-- WHAT YOU ARE ASKED TO DO --
The reply should consist solely of the lines from the one with "La Pulsera Paper" through the final line of the listing, copied exactly, with no pictures.

-- COLLECTED DATA --
+++++
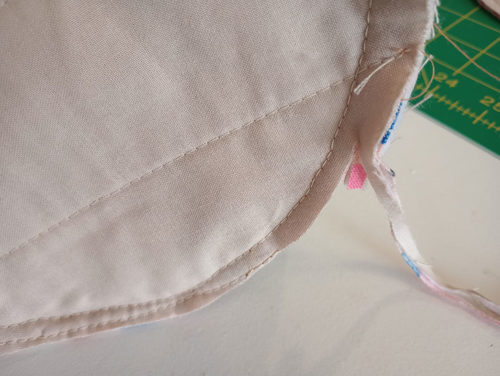 - Turn right side out so the layers are now wrong sides together. Press flat, making sure the seam runs straight and true across the top edge and the bottom curved edges are flush.
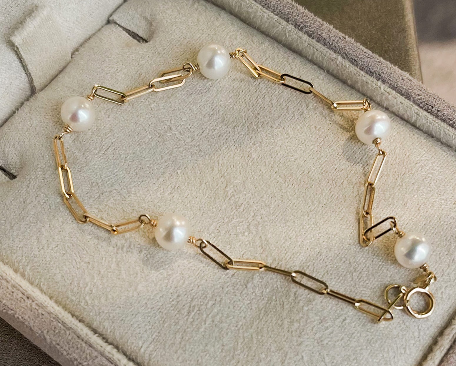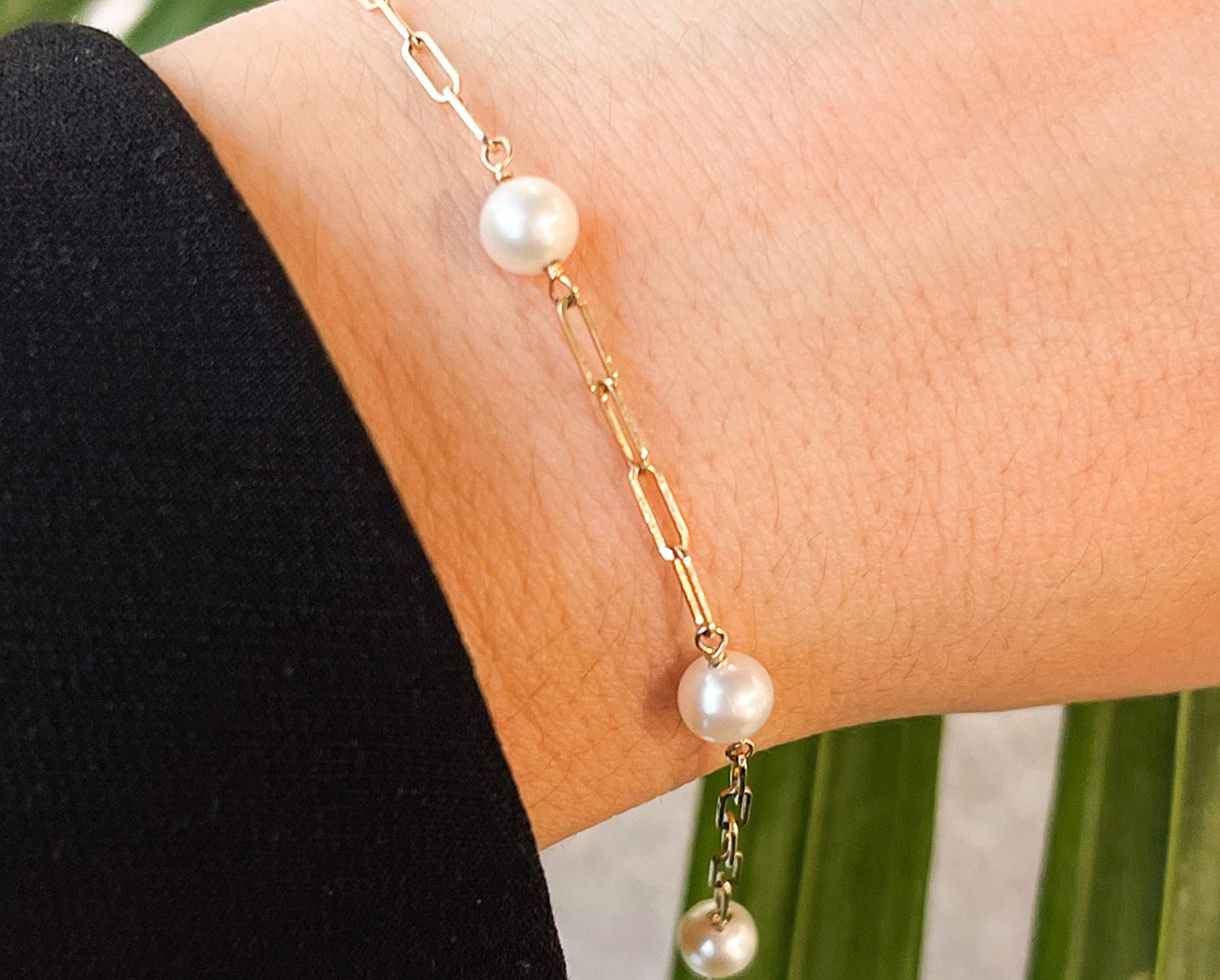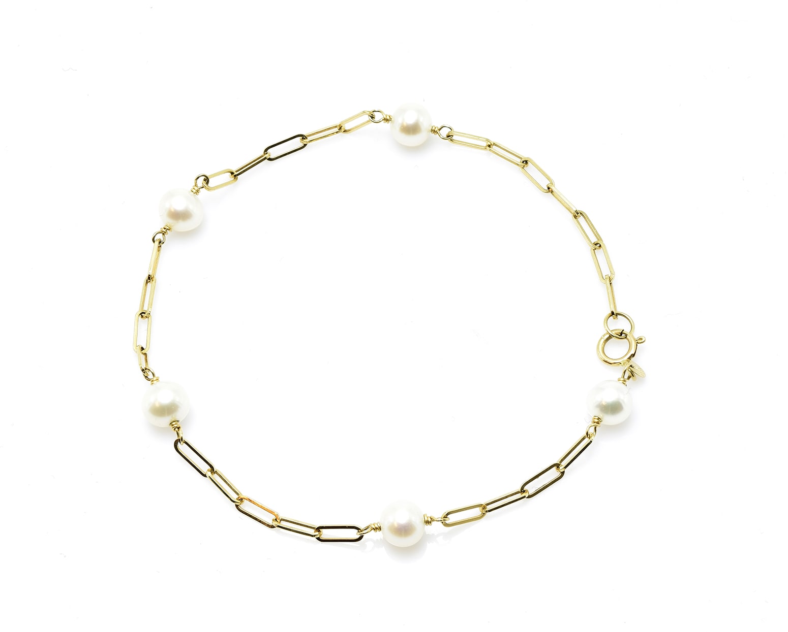 La Pulsera Paper Clip Perlas, con su oro amarillo, encierra la cálida serenidad de un amanecer dorado, su brillo suave y sus eslabones rectangulares danzan con la luz. Las perlas, etéreas y soñadoras, flotan como pequeñas estrellas en una constelación, susurrando historias de sueños cumplidos y nuevos caminos abiertos, envolviendo a su dueña en un abrazo delicado y romántico, que celebra la belleza serena del cambio y el logro personal.
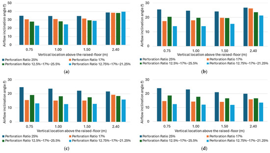 | Non-Uniform Perforated Plate Opening Ratio | Airflow Inclination Angle at the Vertical Location Above the Elevated Floor (m) | |||
+++++
-- TASK OUTPUT --
 La Pulsera Paper Clip Perlas, con su oro amarillo, encierra la cálida serenidad de un amanecer dorado, su brillo suave y sus eslabones rectangulares danzan con la luz. Las perlas, etéreas y soñadoras, flotan como pequeñas estrellas en una constelación, susurrando historias de sueños cumplidos y nuevos caminos abiertos, envolviendo a su dueña en un abrazo delicado y romántico, que celebra la belleza serena del cambio y el logro personal.
 | Non-Uniform Perforated Plate Opening Ratio | Airflow Inclination Angle at the Vertical Location Above the Elevated Floor (m) | |||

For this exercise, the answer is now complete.